How to improve performance in data processing-introduce concurrency but avoid synchronization-php Tutorial

Source: Internet
Author: User
How to improve performance in data processing-introduce concurrency but avoid synchronization background

As long as there is a database, there will be a need to process data in batches in the background, such as data table backup, regular cleaning, data replacement, and data migration. for batch processing, it often involves a large number of queries, filters, classifications, and aggregate computing. in batch scripts, direct queries to databases tend to have low performance, an online accident even occurs in the database lock table due to a large SQL statement. Therefore, it is generally used to export data to a file first, calculate the data on the file, and then import the data. for example:

1. run the SQL statement in mysql-e "select * from table"> output.txt to export the result to the file;

2. for files, perform aggregation, filtering, replacement, and other calculations in various ways, and finally generate the desired format;

3. release the output file or use the load data command to import it to the database;

Because it is only a one-time batch query of the database to export to files, and then calculate the files, rather than querying the database each time, it saves a lot of network I/O costs, thus improving the processing speed.

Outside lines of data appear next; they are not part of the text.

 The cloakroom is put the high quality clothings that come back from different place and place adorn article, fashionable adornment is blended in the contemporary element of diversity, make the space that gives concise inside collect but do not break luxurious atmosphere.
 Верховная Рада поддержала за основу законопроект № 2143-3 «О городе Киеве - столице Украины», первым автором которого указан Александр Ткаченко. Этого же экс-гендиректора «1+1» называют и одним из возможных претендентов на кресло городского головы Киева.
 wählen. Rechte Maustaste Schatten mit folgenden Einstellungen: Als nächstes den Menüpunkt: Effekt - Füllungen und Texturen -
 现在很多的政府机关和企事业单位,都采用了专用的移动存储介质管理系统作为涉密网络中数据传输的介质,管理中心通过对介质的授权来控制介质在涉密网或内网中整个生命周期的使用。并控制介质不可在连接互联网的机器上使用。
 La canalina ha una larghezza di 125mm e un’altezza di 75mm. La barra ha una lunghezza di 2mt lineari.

However, after an exported file is obtained, if the file is too large or the computing logic is complex, for example, a large number of calls consume CPU regular matching and aggregate computing, the processing of a single thread will take a lot of time, and concurrent processing can be introduced at this time, so that the CPU, memory, IO, network and other resources of the machine can be fully utilized, greatly reducing the processing time.

Multithreading is introduced. multiple input files are split. each small file starts a processing thread.

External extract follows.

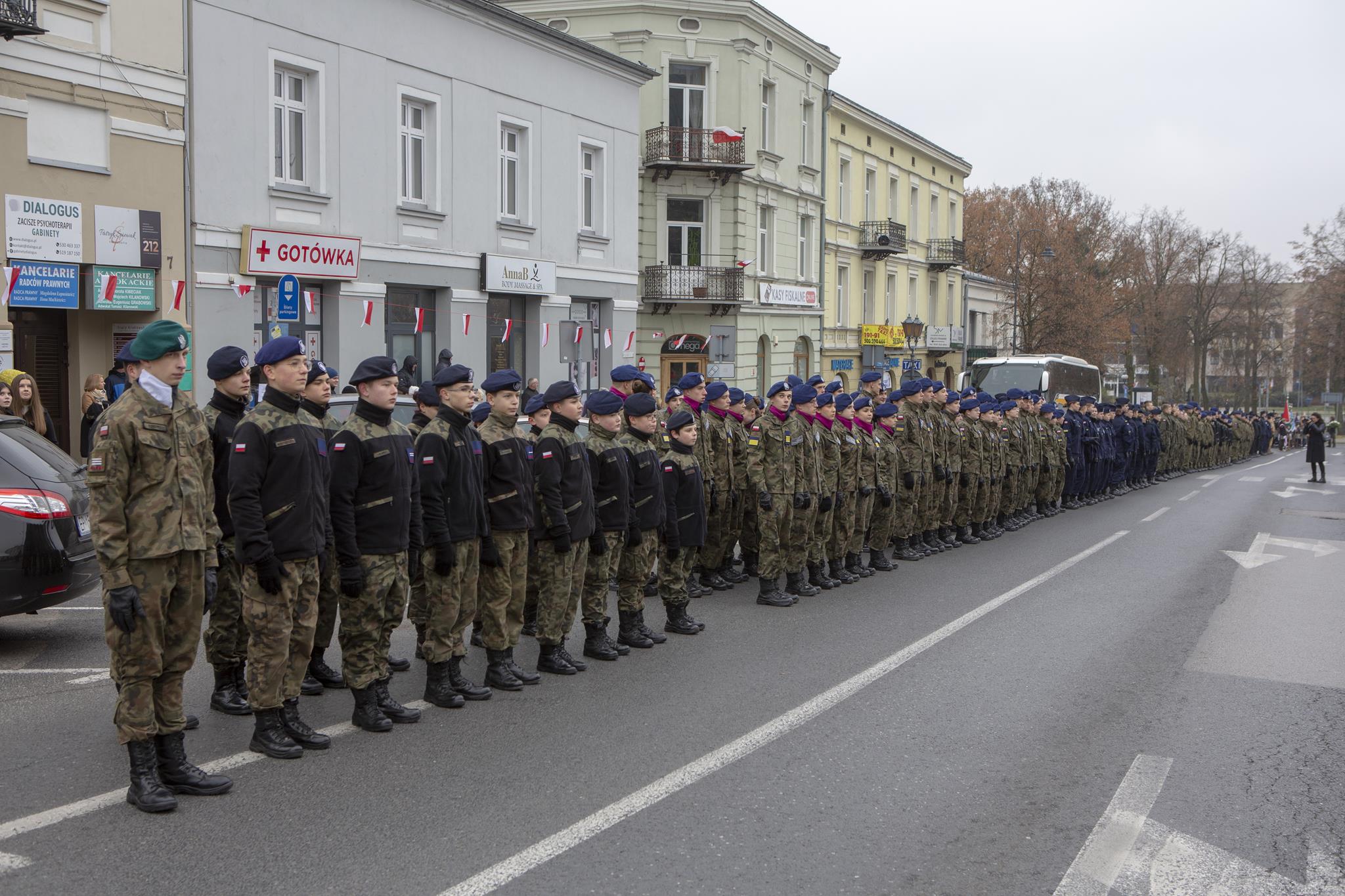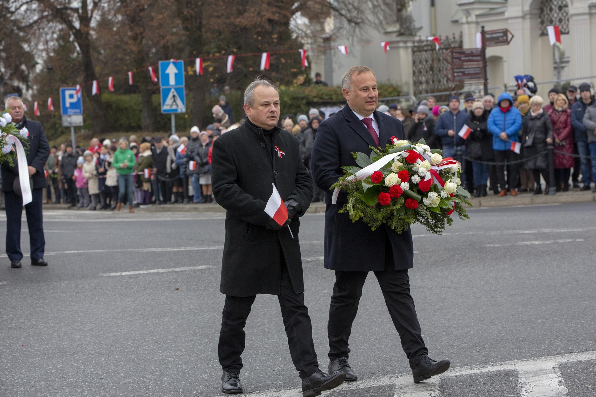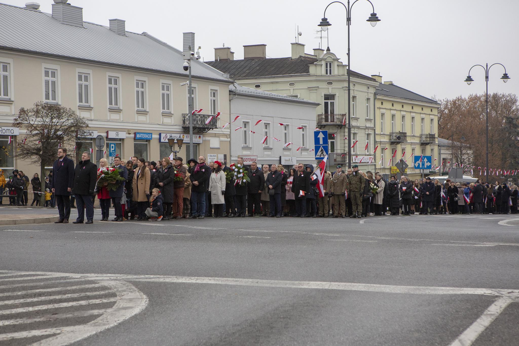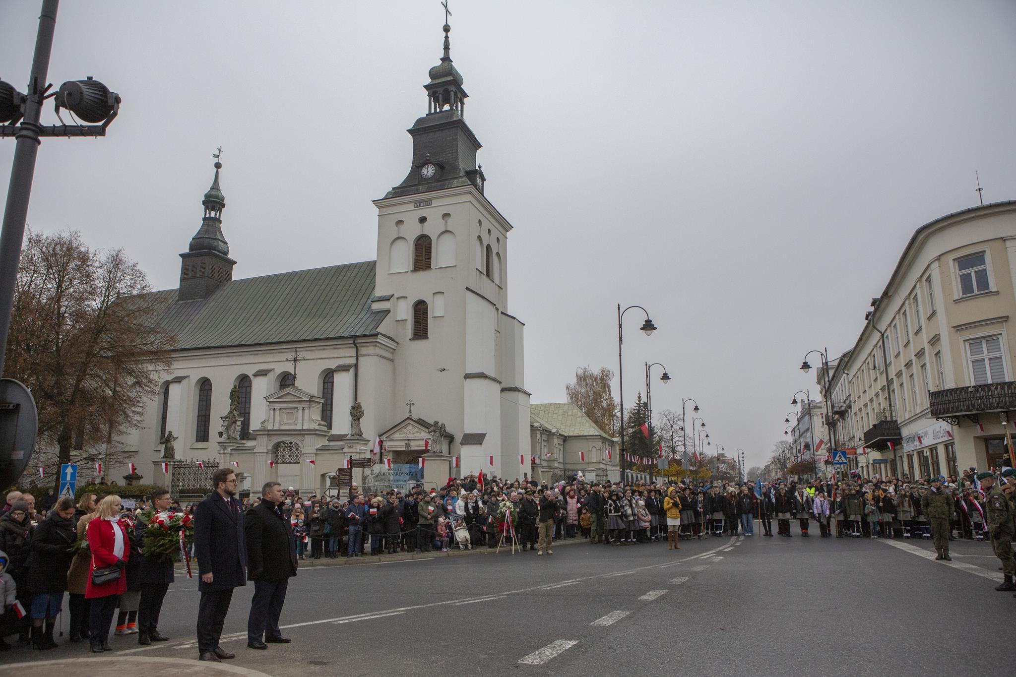 Całość rozpoczęła się od mszy świętej odprawionej w intencji Ojczyzny w kościele oo. Bernardynów. Po liturgii przybyli przeszli przy akompaniamencie Miejskiej Orkiestry Dętej i asyście żołnierzy Kompanii Honorowej 25. Brygady Kawalerii Powietrznej z Tomaszowa Mazowieckiego oraz licznie zebranych pocztów sztandarowych na plac Kościuszki. Tutaj pod pomnikiem Grobu Nieznanego Żołnierza uroczyście wciągnięto na maszt flagę państwową, odśpiewano hymn narodowy, po czym prezydent Juliusz Wiernicki wygłosił okolicznościowe przemówienie.

HADOOP's MAP-REDUCE approach is to first split the file into small-part files, then calculate each part, and finally aggregate the results of each part, however, due to various reasons such as HADOOP scheduling and cluster stability, for file processing in MB size, it may be found that the processing speed is very slow, sometimes even slower than the processing speed of a single thread, changing a single-host single-thread to multiple threads often results in surprising improvements.

The intuitive method is to use the main thread to read a single large file input, and then allocate the read result to the subthread for processing, and then integrate the main thread, in this way, because multiple threads share the IO of a single file, you need to add a file synchronization mechanism. In the end, you will find that the performance bottleneck lies in the reading and synchronization of this single file.

You can partition large files into small files and allocate each file to a single thread for separate processing to avoid resource synchronization between threads, each thread can use a separate CPU core, memory unit, and file handle to achieve the fastest processing speed.

To use this method, follow these steps:

1. use SHELL to split the input file into a predetermined number of threads and store them in a directory;

2. Using the directory path of the input file as the parameter, the programming language JAVA/PYTHON reads all the files in the directory and starts a processing thread for each file for processing;

3. SHELL outputs all files in the directory and uses cat file *> output_file to obtain the final calculation result.

Shell

Splits the input file into multiple small files, starts multithreading for processing, and outputs the result file.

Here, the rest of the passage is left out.